Evaluate False Positive Negative Risk
Use molecular-test evidence to evaluate false positive/negative risk accurately.
- Control logic: Molecular results need positive and negative controls.
- Signal interpretation: Bands, colors, curves, and E-values must be compared to a rule.
Prerequisites are inferred: pending teacher review.
Re-learn the skill with worked practice and clear examples.
Use a 2x2 table to weigh a false positive against a false negative and pick the error to avoid most.
| Test result | Truly infected | Truly healthy |
|---|---|---|
| Test says POSITIVE | 90 (true positive) | 8 (false positive) |
| Test says NEGATIVE | 10 (false negative) | 92 (true negative) |
A clinic uses a first SCREENING test for a serious, treatable infection. Why do they design the screen to avoid false negatives even if it raises false positives?
Reviewed| Test result | Truly infected | Truly healthy |
|---|---|---|
| Test says POSITIVE | 90 (true positive) | 8 (false positive) |
| Test says NEGATIVE | 10 (false negative) | 92 (true negative) |
- A.A false negative would tell an infected person they are clear, so the disease goes untreated and can spread
- B.A false positive is always more dangerous than a false negative
- C.Screening tests are not allowed to make any errors
- D.Avoiding false negatives makes the test cheaper
Show the worked solution ▾
Answer: A. A false negative would tell an infected person they are clear, so the disease goes untreated and can spread
- Step 1: Spot the goal of a screen: A screen should not miss real cases.
- Step 2: Trace the harm: Missing a case = an infected person believes they are clear and gets no treatment.
Why it's right: Missing a real case (false negative) leaves an infectious, treatable disease untreated, so a screen is built to avoid that error first.
- B: Which error is worse depends on the situation, not a fixed rule.
- C: Every real test makes some errors; the goal is to choose which error to minimize.
- D: Cost is not the reason; the reason is patient and public-health harm.
Aligned to Biotechnology Research and Experiments · reading level ~grade 9
- In Unit 1.1 ELISA Lab & Controls, this skill turns class evidence into a result another person can check.
Fill these in as you work through the lesson.

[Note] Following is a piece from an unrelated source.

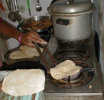 Called Rotli in Gugarati, Roti or Chapati in Hindi, it is the stable bread for most Indian cuisine. Used

- False positive (the test says ____ when the person is really healthy):
- False negative (the test says ____ when the person is really sick):
- Screening test (the first, wide test used to ____ as many real cases as possible):
- Confirmatory test (the second test that must be ____ before treatment starts):
A screening test should avoid negatives so it does not miss a case, and a confirmatory test should avoid positives so it does not treat a healthy person.
- Which box in the 2x2 table is a false positive, and which is a false negative?
- For a first screen of a treatable infection, which error is worse and why?
- Why does a confirmatory test flip which error matters most?
A screen flags 8 healthy people and misses 0 sick people. Decide whether that trade-off is acceptable for a first screen, then say what those 8 people need next.